The objective of this study was to confirm that we can automatically generate crop labels for such a large area throughout the growing season (i.e. 7–8 months before the official release) with a high enough accuracy to be useful for downstream commercial applications. Additional goals include identifying the inherent limitations of such a technology, as well as detecting and removing the challenges that hinder its systematic use in a commercial context.

The main hypothesis in this work is that each crop would be associated with a unique (but constant across different seasons) backscatter-vs-time signature, which can be used to differentiate them through a machine learning architecture. This was examined by averaging the SAR backscatter for each crop, and plotting it for 2017, 2018 and 2019 seasons (Figure 7).

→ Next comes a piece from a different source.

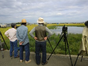 何でも、この時期にしか見られない鳥だそうで、この池の草の茂みにいるのは間違いないので、姿を出した時に写そうと構えているということです。私も、ちょっとデジカメを取り出してみましたが、鳥が潜んでいるのは、向こうの茂みということで、だから皆とてつもなく長い望遠レンズを構えていることがわかりました。近くに止めてある車は横浜ナンバー。遠くから鳥を撮影に・・・何だかとてもロマンを感じました。確かに、鳥はねぐらに帰るために日没までには姿を現すことでしょう。それにしても、気が長いというか、優雅。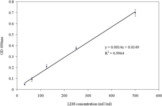 各孔數值減去空白對照后,以檢測的吸光度(OD490)為縱坐標,LDH酶活力(mU)為橫坐標,繪制LDH標準曲線(xiàn)。同時(shí)計算出該趨勢線(xiàn)的公式。

It is apparent in Figure 7 that both parts of our hypothesis are valid. Firstly, after a brief period of time in which the backscatter differences are inconclusive, crops, one after another, follow a unique trajectory which renders them identifiable. More specifically, grassland seems to exhibit a quite constant backscattering across the season, something that makes it distinguishable from any other crop type. On the other edge, Canola tends to have the highest increase over the season, which is only reversed a few weeks before harvest. This decrease is also apparent in pulses and cereals while soybean and corn exhibit an S-shape signature with two rather constant zones that are separated over a period of increase. Perhaps most important is the rather small seasonal variation. SAR signatures show consistent and distinct behaviours for every crop type despite varying farm management practices and meteorological conditions in different seasons. These are not random variations of an uncorrelated variable but constitute a unique signature that can be detected.

Figure 7: Evolution of the VH Backscatter (dB) by crop and season

Achieving near-real-time crop identification does not depend only on the information content of the employed input data but also on when the corresponding time-series start to differentiate from one another. Figure 7 gives some clues on the approximate time that the differences become apparent. By placing our hands in the right edge of Figure 7 and moving to the left it can be concluded that at least one month of observations can be ignored without crops losing their unique signatures. On the other hand, any time earlier than June (i.e. 3 months before harvest) the crop curves appear to be dominated by noise, with only small (and possibly random) differences between them. This time window of 1–3 months before harvest is the range on which SAR can lead to the development of practical applications of near-real-time crop identification.

To show an example of how SAR backscatter changes over time, we have analysed the monthly backscatter of a region (close to the city of Regina, which is in the top-left corner of Figure 8) with large holdings of agricultural land. The temporal profiles of the SAR backscatter from May to August (4 months to 1 month before harvest) are plotted in Figure 8. It is apparent that as the season progresses the fields start differentiating and look more distinct starting from July, i.e. during mid-season (two bottom panels of Figure 8). On the other hand, the differences between 4 and 3 months before harvest are so minute that are hard to distinguish with the naked eye.

Figure 8: Monthly VH Backscatter (dB)

A possible explanation of this SAR property is its correlation to the 3D plant structure. SAR interacts with the full canopy, therefore it is associated with the crop height, the canopy density and the leaf structure. On the other hand, at emergence (when the plants are small) SAR is mainly affected by the soil moisture, which even though it is loosely connected to the crop type it does not hold enough information to make the different crop types distinguishable.

Deep Learning Model

 

The time-series of SAR data have been the input of a deep learning prototype which was built following the recurrent neural networks (RNN) architecture. RNNs are commonly used to analyse sequential or time-series data and were therefore used as a base layer for the network [10]. A double input model was built combining both Sentinel-1 time-series with optional crop rotation information. Crop rotation information is highly relevant because farmers tend to rotate their crops following a few standard agronomical practices to increase yield potential. Using custom data augmentation and a bespoke architecture we have developed a model that generates predictions at any point during the season. This was tested in weekly intervals for the period between the end of May and end of August. The results are summarised in Figure 9.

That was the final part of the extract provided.